Dalam sambutannya, Bupati Sarolangun H. Hurmin menyampaikan apresiasi kepada Sinar Mas Agribusiness and Food atas komitmennya dalam memperkuat kesiapsiagaan menghadapi potensi Karhutla.
Ia menekankan pentingnya meningkatkan kewaspadaan mengingat prakiraan musim kemarau yang lebih kering dan lebih panjang pada tahun ini.
“Kewaspadaan terhadap kebakaran hutan dan lahan harus terus ditingkatkan. Menghadapi musim kemarau yang diperkirakan lebih kering dan lebih panjang tahun ini, seluruh pemangku kepentingan harus memperkuat langkah pencegahan dan deteksi dini agar potensi kebakaran dapat dicegah sedini mungkin,” ujar Hurmin.
Regional Controller (RC) Jambi 2 Sinar Mas Agribusiness and Food, Fahrizal, mengatakan bahwa apel siaga merupakan bagian dari upaya perusahaan untuk memastikan kesiapan personel, sarana, dan koordinasi lintas pemangku kepentingan dalam menghadapi potensi Karhutla selama musim kemarau.

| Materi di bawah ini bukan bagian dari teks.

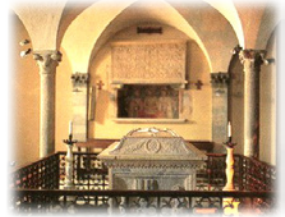
Ἡ ἱερὰ Λάρνακα τοῦ Ὁσίου Κολομβανοῦ. Μονὴ Μπόμπιο.

Τὸ 612, τὸ Βασίλειο τῆς Βουργουνδίας προσάρτησε προσωρινὰ τὴν Αὐστρασία καὶ ὁ Ὅσιος, διωκόμενος πάλι ἀπὸ τὴν ἐχθρα τοῦ Θεοδωρίχου Β', ἀναγκάσθηκε νὰ ἀρχίσῃ ἐκ νέου τὴν περιπλάνησί του πρὸς τὴν Ἰταλία, ὅπου ἐγκαταστάθηκε στὴν Μονὴ τοῦ Μπόμπιο, στὰ Ἀπέννινα.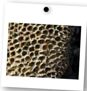
→ Colonie d'hermelles formant un « gâteau d'abeille »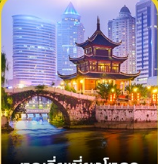
หอเจียเซียงโหลว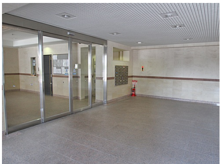
オートロックの自動ドア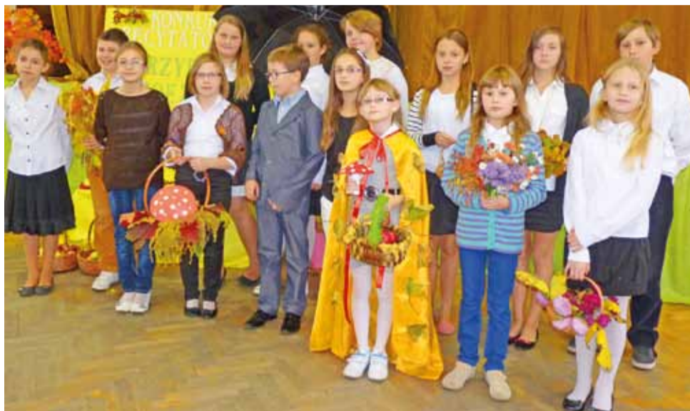
Piętnastu najlepszych recytatorów z gminy Bedno słowami poezji malowało „Barwy jesieni”.

Każda ze szkół mogła przywieźć tylko trójkę swoich najlepszych recytatorów. Największa konkurencja była w Szewcach Nadolnych, gdyż tam i szkoła jest największa. – Wśród uczniów klas II-IV do konkursu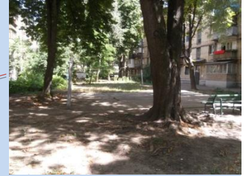
Потребує впорядкування зелена зона, недостатня кількість лав, відсутні урни для сміття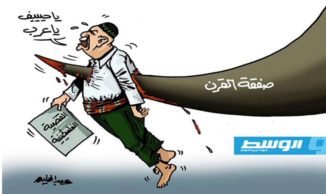
شكل رقم (1)

المحور الثاني: نتائج التحليل السيميائي لرسوم الكاريكاتير عينة الدراسة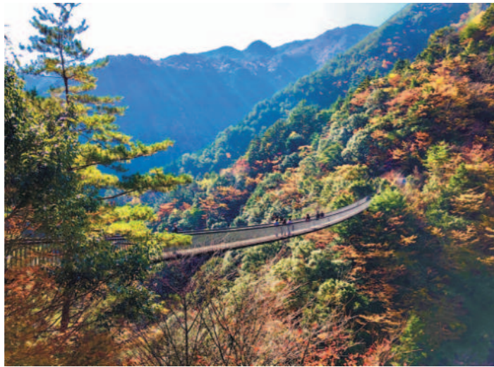
梅の木轟公園吊橋

問合せ 泉町紅葉祭実行委員会 (泉支所地域振興課) ☎672-111 五家荘観光案内所 ☎306-5000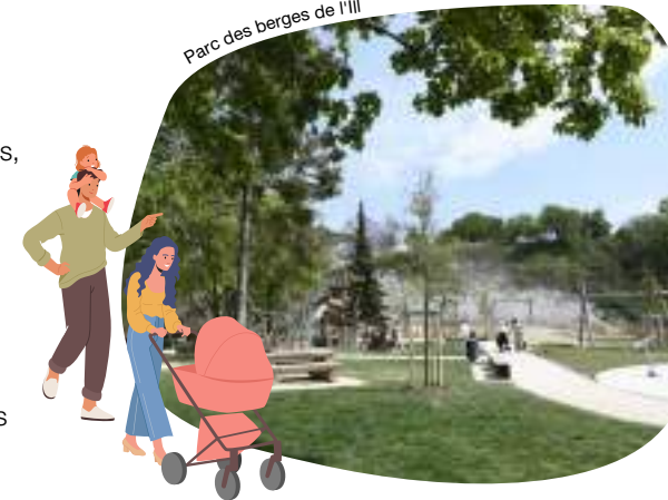
Parc des berges de l'III

Ia menegaskan bahwa pencegahan Karhutla hanya dapat dilakukan melalui kolaborasi yang erat antara perusahaan, pemerintah, aparat, dan masyarakat.
“Melalui apel siaga ini, kami ingin memastikan kesiapan tim, sarana, dan prasarana penanggulangan Karhutla sekaligus memperkuat komitmen bersama antara perusahaan, pemerintah, aparat, dan masyarakat dalam mencegah kebakaran hutan dan lahan,” kata Fahrizal.
Sebagai bagian dari kegiatan, Bupati Sarolangun bersama jajaran manajemen perusahaan melakukan inspeksi terhadap kesiapan personel dan sarana penanggulangan Karhutla, termasuk pompa bertekanan tinggi, selang pemadam, alat pelindung diri, kendaraan operasional, ambulans, serta berbagai peralatan pendukung lainnya guna memastikan seluruh sumber daya siap digunakan apabila diperlukan.
Selain menyiagakan Tim Kesiapsiagaan Tanggap Darurat (KTD) yang secara rutin mendapatkan pelatihan bersama Manggala Agni, perusahaan juga menjalankan berbagai upaya pencegahan Karhutla, antara lain patroli darat, sosialisasi pencegahan kebakaran kepada masyarakat, pembentukan dan pembinaan kelompok Masyarakat Siaga Api (MSA), serta edukasi mengenai pembukaan lahan tanpa bakar.
Untuk mendukung deteksi dini dan respons cepat, perusahaan memanfaatkan sistem pemantauan hotspot berbasis satelit serta CCTV berbasis kecerdasan buatan (AI) yang mampu mendeteksi indikasi asap secara otomatis sehingga memungkinkan tindakan penanganan dilakukan lebih cepat.
Perusahaan juga memastikan kesiapan sumber daya air melalui pengelolaan embung dan sekat kanal sebagai cadangan air selama musim kemarau.
Kegiatan ditutup dengan penandatanganan komitmen bersama pencegahan dan penanganan Karhutla yang melibatkan pemerintah daerah, aparat keamanan, instansi terkait, dan perusahaan, serta simulasi pemadaman kebakaran oleh Tim Kesiapsiagaan Tanggap Darurat perusahaan.
Melalui kolaborasi yang berkelanjutan dengan pemerintah, aparat, dan masyarakat, Sinar Mas Agribusiness and Food terus memperkuat upaya pencegahan Karhutla guna mendukung terciptanya lingkungan yang lebih aman selama musim kemarau.